8:00 PM, 8th March, 2013
Gangster Squad is an historic crime drama directed by Ruben Fleischer, who previously directed 2009’s Zombieland. The film is based on Paul Lieberman’s seven-part Los Angeles Times series “Tales from the Gangster Squad”.
The film is based on actual events and shows the LAPD fighting to keep the East Coast Mafia out of Los Angeles in the late 1940s and early 1950s. It has a stylish atmosphere, and a star-studded cast with Sean Penn owning the screen as violent crime boss Mickey Cohen while Josh Brolin and Ryan Gosling are the heads of a hard-boiled police unit trying to take Cohen down. Emma Stone is perfect as the sultry femme fatale. The chemistry between Stone and Gosling is once again clear for everyone to see, as it was in 2011’s Crazy, Stupid, Love.
This is an action-packed story of redemption and of correcting wrongdoing – men taking back what belongs to them. Men with the belief and commitment required to make a difference and to save the city they love. The irony being that they must become like their violent and lawless adversaries in order to save their beloved city.

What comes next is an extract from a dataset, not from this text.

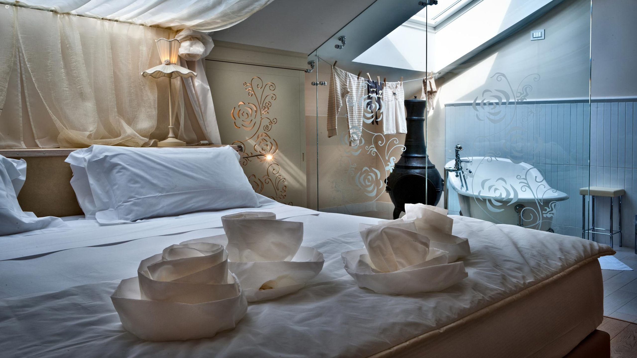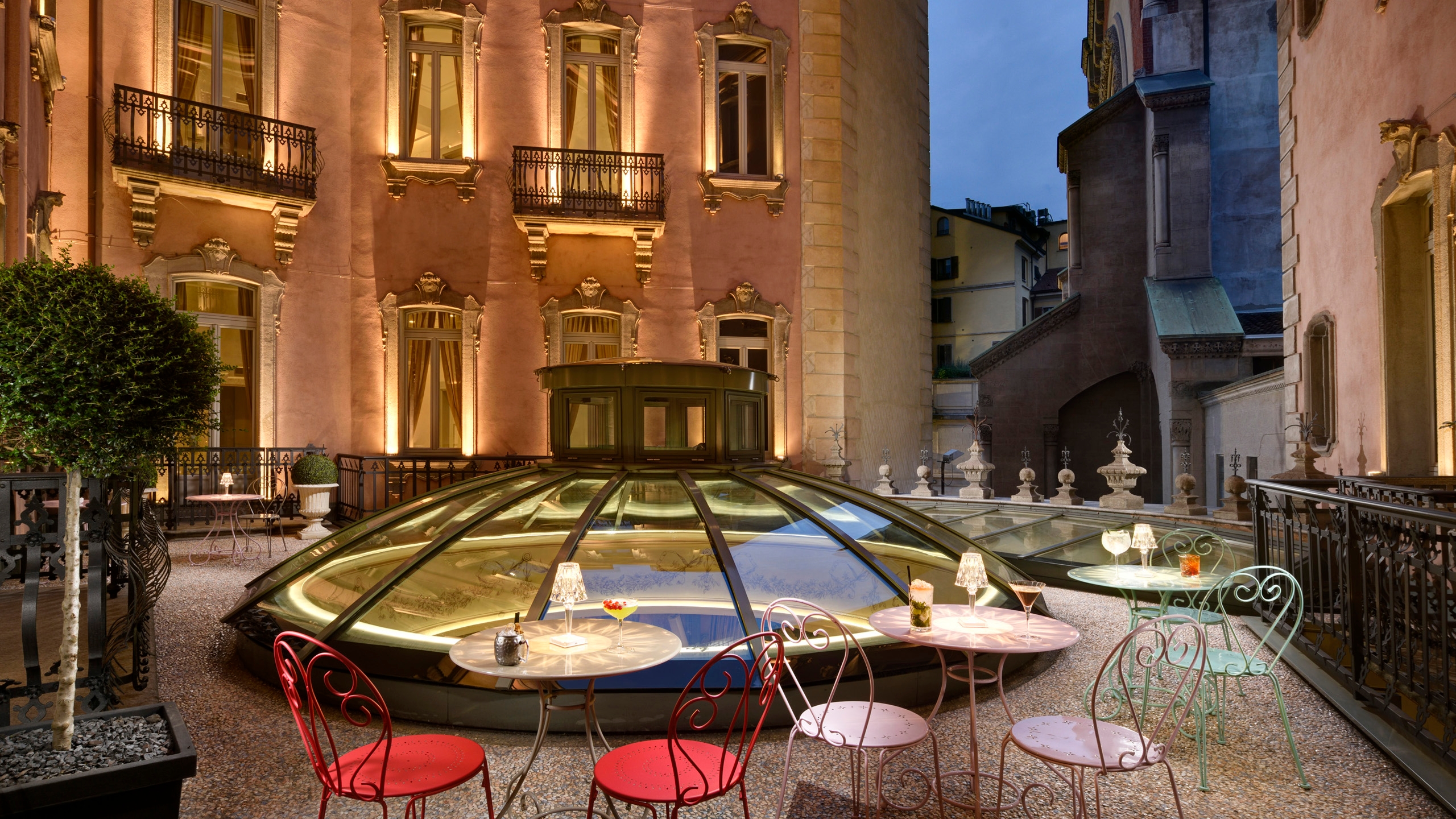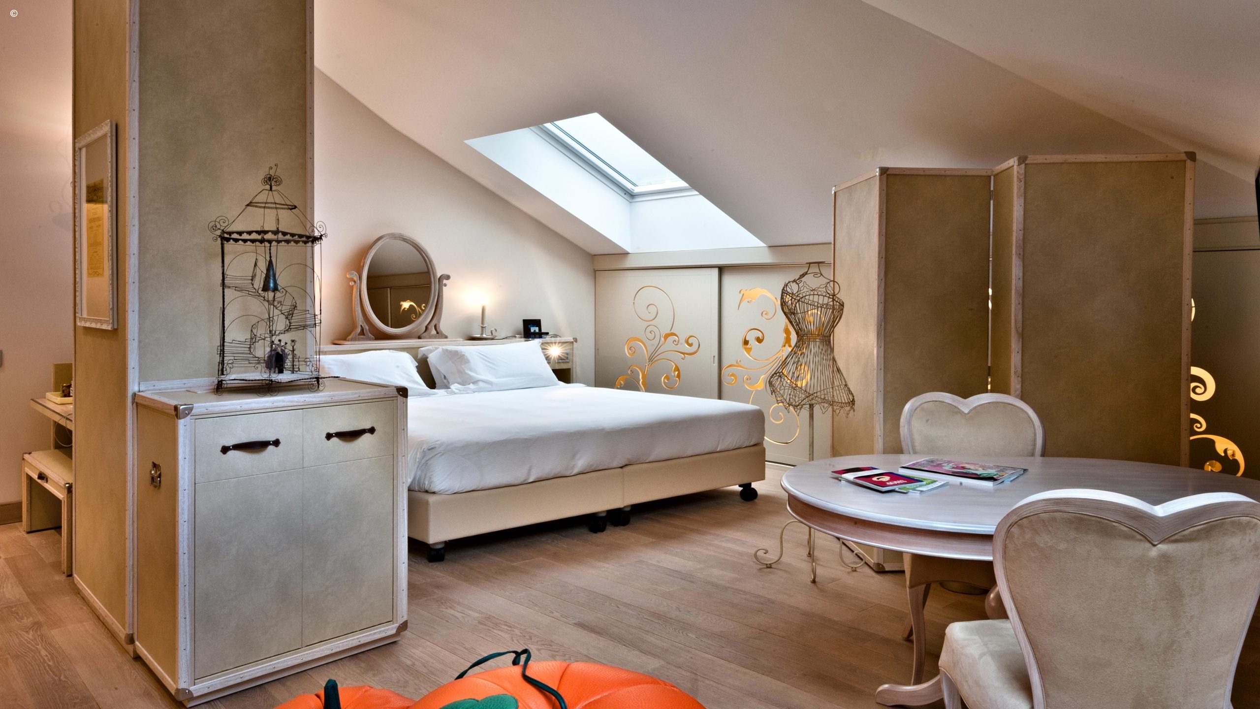 Located in the heart of the city, the hotel is housed within an early 20th-century art nouveau building, and draws its inspiration from the world of fairytales and opera. Pastel colors adorn the walls of the 77 rooms, enhanced by floral patterns and butterflies, mosaics on the floors, mirrors and princely alcoves.

As in L.A. Confidential, Public Enemies and American Gangster, one of the questions put to us is: when it comes to dealing with relentless and undaunted criminality, do the ends justify the means? I don’t have the answer but when it is examined in such an engaging and powerful way, it is a ride well worth taking.
Robert Bourke
10:08 PM, 8th March, 2013
Faye Dunaway and Warren Beatty star as the prettier-than-life titular characters in Arthur Penn’s well-received work. Occasionally criticised for its deviations from historical fact, this is still a very well made and engaging film. The story is of the famous American criminal duo Bonnie Parker and Clyde Barrow and their gang.
During The Great Depression, Bonnie is bored and frustrated with her lot in life. When she meets small-time ex-con Clyde, adventure and excitement enters their life in an escalating crime-spree of robbery and murder across the US South-West. The depression-era backdrop explains both the characters’ motivations and the growing media interest in the gang’s exploits as it gathers momentum.
What begins as a spirited adventure and love affair grows darker as the gang’s actions and the law’s reactions both get progressively more serious. As reality begins to close in, the gang’s numbers dwindle and the core duo’s liberty is increasingly curtailed until the inevitable grim conclusion. Arthur Penn was fascinated by Akira Kurosawa’s depiction of violence and this influence is most apparent in its groundbreakingly gruesome final scene.
The soundtrack from Earl and Scruggs also sets a fitting mood for the story.
Look out for several famous and fresh-faced actors co-starring including Gene Hackman as Buck Barrow and the debut of Gene Wilder as Eugene Grizzard.